Is Dairy Data the New ‘Oil’?

Just as oil flows from wells and milk from cows, it seems that data has the potential to inform or overwhelm the producers with more information than they can comprehend. 
Just as oil flows from wells and milk from cows, it seems that data has the potential to inform or overwhelm the producers with more information than they can comprehend. 
(Pixabay)

Dairy producers are increasingly aware of the value of the data on the farm. Just as oil flows from wells and milk from cows, it seems that data has the potential to inform or overwhelm farmers with more information than they can comprehend.  

Dairy producers have had a series of platforms to choose from, including:   

 

  • Dairy Comp is the original of the species and the largest and first of its type in the dairy herd management software space. Dairy Comp is the first to truly offer producers the ability to collect and manage data on milk and cow health at an individual level. While it is sometimes described as a ‘legacy system’, suggesting it hasn’t been updated from its original format, this is not a fair characterization as they have invested heavily in creating a new cloud-based system called VAS-Pulse. Industry estimates are that more than 60% of the U.S. herd are currently using Dairy Comp, which in turn has driven the desire of other new technologies. For example, wearables, robotic milkers and smart artificial cameras to find ways to integrate their data with this software.   

  • Amelicor  by my estimates (in cow numbers) is the second largest herd management software in the U.S. market and is widely used in herds west of the Mississippi. They have four products for herd management (DHI-Plus), feed management (EZFeed), commodity tracking and dairy records management.   

  • BoviSync is an award-winning platform, and its growth is fueled by its use of unique cloud-based software and innovations, such as its ability to aggregate and analyze data for groups of cows, allowing management of cows at pen level.  

  • Vyla is a new platform backed by Nestle, Land O’Lakes and Lely and supported by other industry players. Offering something like a "Facebook for farmers" makes it easy to integrate information from any system in a single open app, including feed management, parlor software and combine milk prices and weather. 

  • Mydairydashboard.com owned by Dairy.com has a similar concept, bringing together farm, market, and weather data under one roof.   

  • The MILC Group has continued to add more and more data streams under the umbrella of their ONE platform, to manage feeding and sensor alerts for milking facilities.   

 

If farms don’t capitalize on the increasing availability of information flows from sensors and other novel technologies on the dairy, data platforms may become a bottleneck preventing livestock from achieving the promise and profitability of smart precision farming. Dairy farmers, especially the largest producers, recognize that data-driven farming could provide multiple benefits, such as optimizing inventory, precise feed formulation and reducing feed costs, enabling better milk production through precision nutrition, responding better to consumer demands.

In short, what the milk supply chain needs is for all moving parts to work symbiotically through shared data or data interoperability as it is known in the technology world. Data interoperability allows different systems to communicate their data with each other on a shared interface. It allows systems to not only create, exchange and consume data, but create shared expectations and understanding of the data presented.  

In healthcare, we have seen how patients’ medical records may be shared by many doctors, labs, and insurers within a network. Patients benefit from the convenience of not having to provide lab results and recount medical history when visiting a new doctor within the network. More generally, data interoperability prevents one company from monopolizing the data, incentivizes the players involved to improve their products given the competitive nature of the shared platform, and results in a better result for the end-user. For the food supply chain, this means that instead of multi-generation long relationships, external publications and word-of-mouth communication, data from raw material analysis to animal performance will be tracked and communicated throughout the entire process making the supply chain integrated, not segregated.  

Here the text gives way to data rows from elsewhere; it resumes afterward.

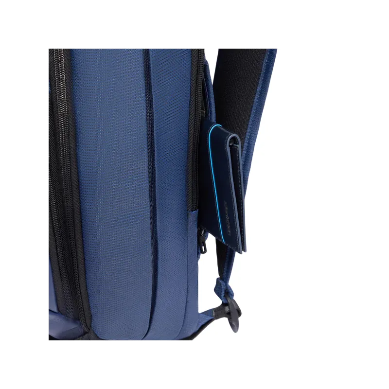 Zaino da viaggio porta PC da 15,6 in tessuto e pelle vegana Piquadro, blu
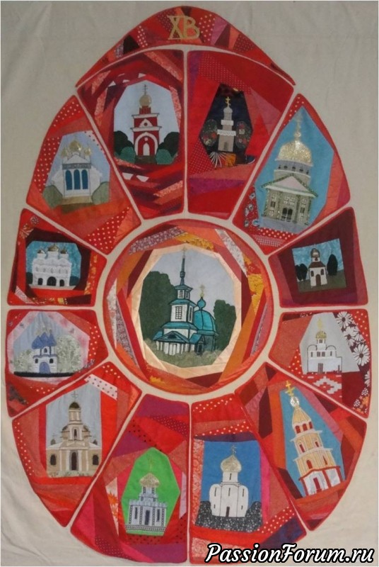 А так, я принимала участие в коллективной работе. Панно «Пасхальное яйцо» в размерах огромное, столько времени у нас на него ушло. Сначала начертили эти огромные размеры, разделили между собой на блоки. И вот каждый делал свой блок – церковь. Затем в общее панно собирали готовые изделия. Нам соорудили огромный стол, и целую неделю соединяли пазлы воедино. Здесь это панно не бросается в глаза. Но когда приходишь на выставку, то не можешь оторвать взгляда от Пасхального яйца.
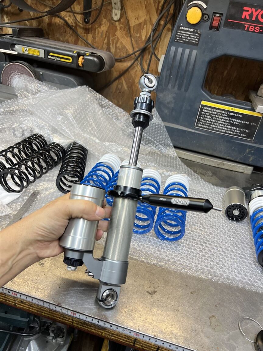 ナイトロンR3リヤショックのGREEN GARAGEバージョンが入荷しました。今回は5月に3セット注文して納品まで約3ヶ月かかりました。2色塗分けのスプリングは別途スプリング単体を塗装屋さんに送って施工していただいている物で、こちらもようやく仕上がってきたので組み立てます。
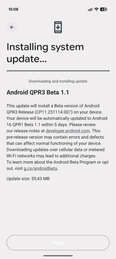 Google har redan släppt en ny beta av Android 16 QPR3 för Pixel. På en Pixel 10 Pro var uppdateringen 59,4 MB. Beta 1.1 verkar mest vara en nödåtgärd för skaran som råkat ut för en elak bugg som gjorde att vissa appar kraschade när de startades.
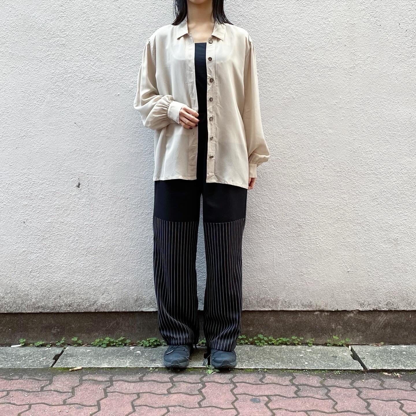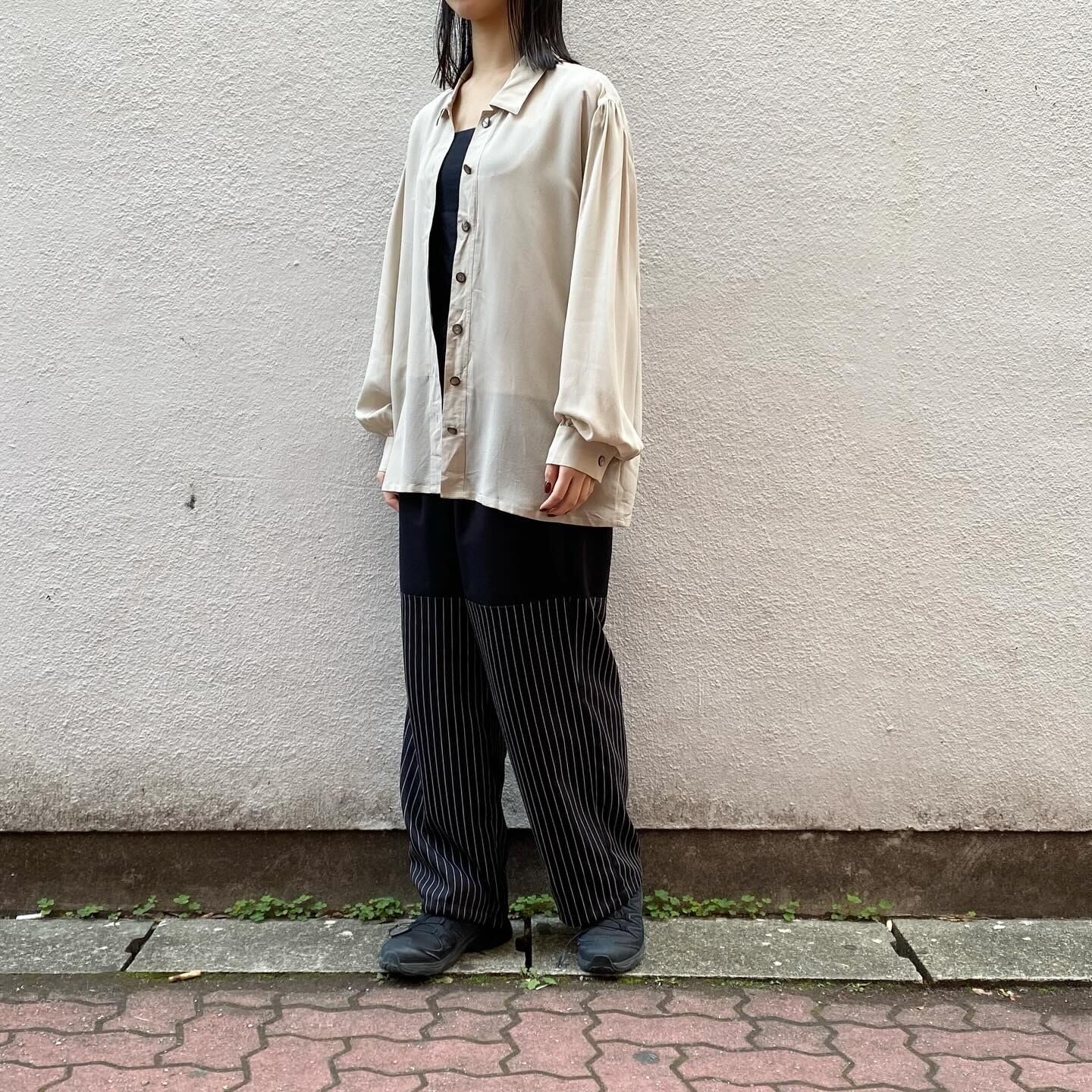 100%シルクのさらっとした生地感のシャツです。前見頃だけ生地が二重になっており、透けづらい仕様になっています。
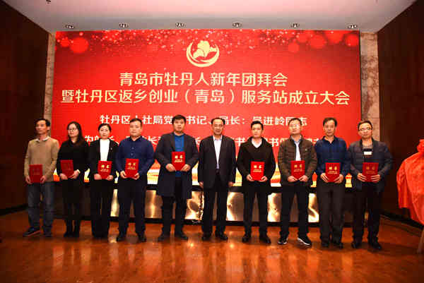 青岛新闻网1月14日讯(记者 王爽)为了进一步加大青岛市菏泽籍工商界人士返乡投资创业工作力度,实现返乡创业全国主要城市全覆盖,今日下午,青岛市牡丹人新年团拜会暨牡丹区返乡创业(青岛)服务站成立大会正式举行。本次会议聘任在青岛奋斗的菏泽籍人士作为站内工作人员,充分发挥桥梁纽带作用,助力青岛与菏泽资源互通,动员更多人返乡创业,支持家乡经济建设。
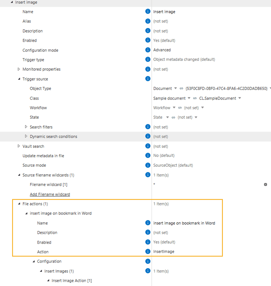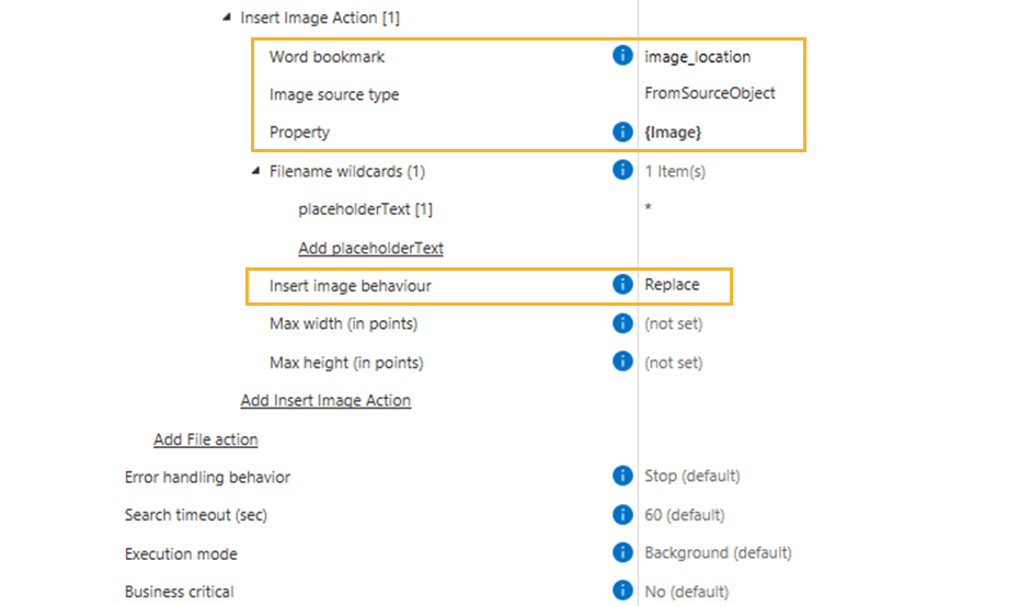 - Choose the action: Under File actions, select InsertImage to insert the image into a specified bookmark in the Word document (Picture 4).

Ultimately, data interoperability and digital transformation benefit the end consumers. Users of Facebook and Google demand increased transparency and accountability for big tech companies. Likewise, consumers are demanding transparency and control over their food and the ingredients involved in the making of it. Consumers (‘prosumers’) are becoming more conscious about their diets and personal ethical and sustainability goals, so dairy producers need to find ways to respond to those preferences and deliver better products while remaining an integral element of the food supply chain.  

Questions about the future of dairy data and who owns it? Leading food companies such as Nestle, Danone, Dairy Farmers of America, Parmalat potentially might invest or take stakes in leading data players. But how soon before Amazon, Google, Apple, IBM or Microsoft decide they want to be part of the dairy data ‘land grab’?

How do farmers benefit from this? Consumers accept sharing their emails, their location and travel data with big data companies in return for free and valuable services. How can dairy producers gain from their willingness to share data?   

Is dairy data the new oil? The choice of data platform is yours, but just like landowners sitting on oil reserves, we may not know its real value until we allow others in the supply chain to ‘drill’ into it.